Transmission is decent

With the transmission-daemon, it also provides a web interface for all the users to log into.


----------



## Beastie (Mar 31, 2011)

kpedersen said:
			
		

> Transmission is decent
> 
> With the transmission-daemon, it also provides a web interface for all the users to log into.


It's the best IMHO: simple, small, fast, low on memory footprint and featuring a web interface that doesn't require an HTTP server and whatnot.
But it doesn't really have the multi-user support the OP wants, unless multiple daemon instances are run (each with its own configuration files and on different RPC ports) which is what the OP doesn't want.


----------



## dpetka2001 (Apr 1, 2011)

vinkler said:
			
		

> rtorrent + rutorrent works very well:
> http://forums.rutorrent.org/index.php?topic=6.0



Apparently not because in another thread I ask specifically if there is a need to run two instances of rtorrent or just one and they answered to me that each user has to run his own instance. If there is another way of achieving what I want please share it with me. Have you done so yourself with rtorrent + rutorrent?

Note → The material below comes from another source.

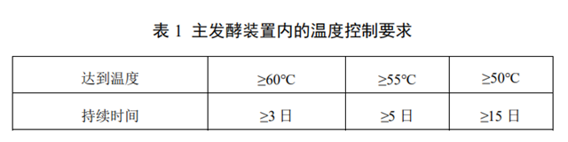 c)主發(fā)酵裝置內(nèi)的溫度及持續(xù)時間應滿足表1的要求。采用密閉式堆肥反應器時,宜在反應器中心與距反應器內(nèi)壁100 mm處各設(shè)2個測溫點,溫度按測溫點均值計,溫度需連續(xù)記錄。采用半密閉式和敞開條垛或槽式堆肥時,宜在條垛或槽式堆肥的長度方向每間隔5m橫截面的中心與距表面和底部100 mm處各設(shè)1個測溫點,溫度按測溫點均值計,間隔2小時記錄溫度1次。

PS: I'll give it a go with torrentflux and mldonkey. Thank you for your suggestions.


----------



## dpetka2001 (Apr 10, 2011)

Has anyone tried ÂµTorrent headless server? If yes, could someone give some general instructions on how to install it on my pc or point me to some link where there are instructions(should I enable linux emulation in order to install/run it)? 

Thanks in advance.


----------